ゲーム機の高額化は避けられない運命……?

 そして、インフレは世界的な傾向であり、日本のゲーマーは、グラフィックの美しい高性能のゲーム機で遊ぶためには、今後は経済的な負担を強いられるだろうという現状です。今後発売されるであろう家庭用ゲーム機も、高額化は避けられず、日本のゲーマーの“受難”が鮮明になってきているといっても過言ではありません。

 発売時期も内容もいまだに伏せられている、ニンテンドースイッチの後継機種も、円安の問題が立ちはだかります。仮に日本の価格を3万円に設定して、1ドル150円というレートで試算をしてみると、米国では200ドルで販売することになってしまいます。

 逆にドルを基準にしてみましょう。300ドルなら4万5000円、400ドルなら6万円。仮に、任天堂のゲーム機が6万円と聞いて、どういうイメージを抱くでしょうか? 任天堂のターゲットは、老若男女を問わない全方位タイプですから、価格はなるべく抑えたいところ。1ドル150円という相場は、相当な悩みどころになるのです。

 現在のニンテンドースイッチの有機ELモデルは、米国での販売価格が約350ドル(349.99ドル、税抜き)。
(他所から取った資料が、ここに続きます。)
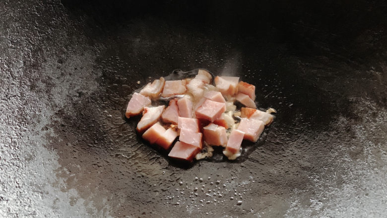 5. 锅烧热油,加入蒜事先爆炒出香味

対して、日本の価格は3万7980円と、現在のレートを考えると、任天堂が日本市場にかなり配慮をしているのが分かります。この配慮を「当然」と思うのか……という話で、海外のゲーマーからすると「日本の価格に合わせて、値下げしてくれ」と不満に思うのではないでしょうか。

 いずれにせよ、日本のゲーマーには、厳しい現実が立ちはだかっている。そんなことをPS5の値上げは教えてくれているのかもしれません。